In December 2018, Roshanara travelled to Huizhou, Guangdong Province of China. Where she participated in the World Supermodel All Star Championships. The seriousness of the show could be questioned as not a single international model made it to the final. And only won by an all Chinese podium.

====Miss Universe Kenya 2021====
Roshanara Ebrahim participated in the Miss Universe Kenya 2018 contest but didn't make it through to top 20.

She tried again in 2021. And on October 25, 2021. The Miss Universe Kenya organization announced Roshanara was among the top ten semifinalist contestants for Miss Universe Kenya 2021. On October 30, 2021, she was crowned Miss Universe Kenya 2021.

Roshanara represented Kenya at the Miss Universe 2021 the 70th Miss Universe pageant, on December 13, 2021, in Eilat, Israel.

====Miss Universe 2021====
On November 27, 2021, Roshanara left for Israel to participate in the Miss Universe 2021 contest.

On day 3 of the Miss Universe competition, she was selected together with 9 other contestants to take part in the Haboydem Fashion Show in Jerusalem.

On December 10, 2021, Roshanara participated in the Preliminary Competition (Swimsuit & Evening Gown) and the National Costume Show, but was unplaced in the December 13, 2021 Final Competition.

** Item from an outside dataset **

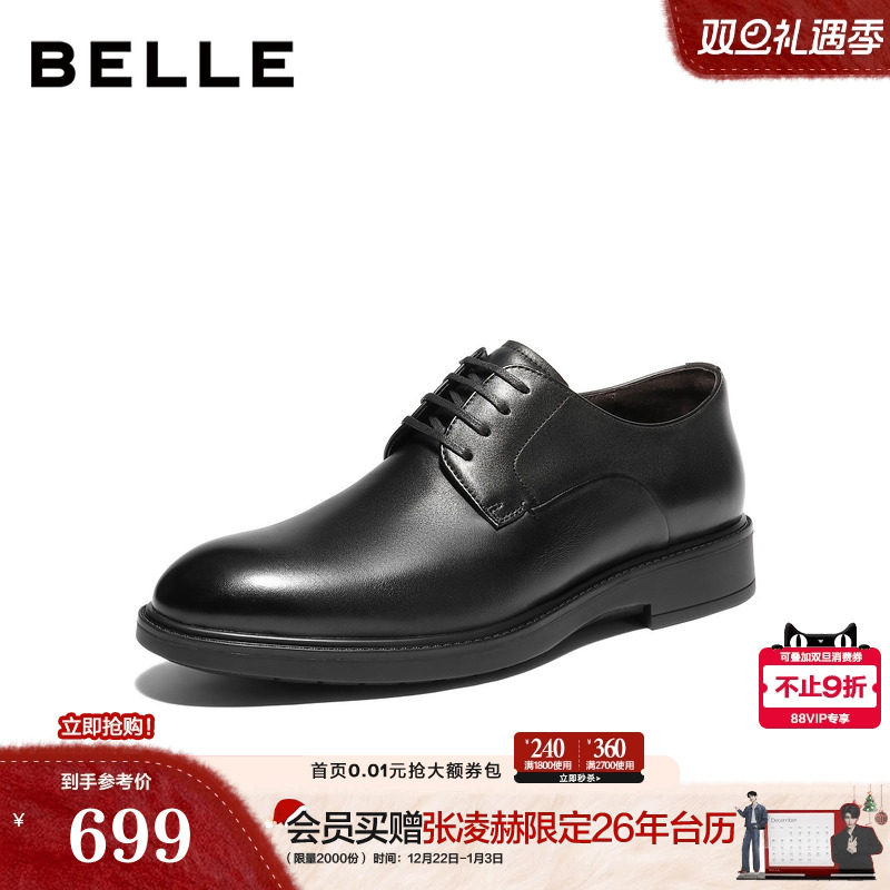 百丽男鞋英伦风通勤商务正装真牛皮鞋男26新款春季结婚鞋A2266AM6

====Kenyan Pageant Record====
Roshanara Ebrahim is the first Kenyan pageant contestant to have won the Miss World Kenya, Miss Supermodel International Kenya and Miss Universe Kenya contests.

===Other professions===
====International relations & diplomacy training====
In March 2012, she was a Kenyan Model United Nations delegate.
From July 2013 to August 2013, she was a European International Model United Nations delegate. And she served as chairperson for BITSMUN Pilani in February 2014 and for the Everest International Model United Nations in October 2014.

====Legal profession====
In November 2020, she became MMA Advocates LLP‘s head of business development.

====Charity work and advocacy====
From September 2014 to December 2015, she was a Kenya Red Cross Society assistant project manager. and in 2015, she interned at the Kenya Red Cross Society branch in Parklands, Nairobi.

In 2016, after the Miss World Kenya
contest she joined Smile Train Kenya as an ambassador. And on December 11, 2021, she reaffirmed at the Miss Universe 2021 contest in Israel her commitment to continue her work with Smile Train.

====Television and entertainment====
In 2015 she worked for 6:AM Entertainment Kenya as an event organizer.

After the Standard Group announced her employment on one of their shows, Roshanara was a co-host alongside Sara Ndanu, who has been holding down the fort since its inception. An announcement was made on October 22, 2016, that she will be joining The Skin Therapy Show on KTN Home. She hosted “The Skin Therapy Show” from January 2017 to July 2018.

====QHHT practitioner====
On May 26, 2019, she became a QHHT practitioner. And in April 2020, she founded Jade Rituals in Vancouver, British Columbia, Canada. On May 27, 2021, her book “Beyond The Darkness: The Strategic Guide to the New Earth” was independently published. A book based on spirituality, self help and a happiness guide which elaborates on deep esoteric concepts with a touch of her life experiences.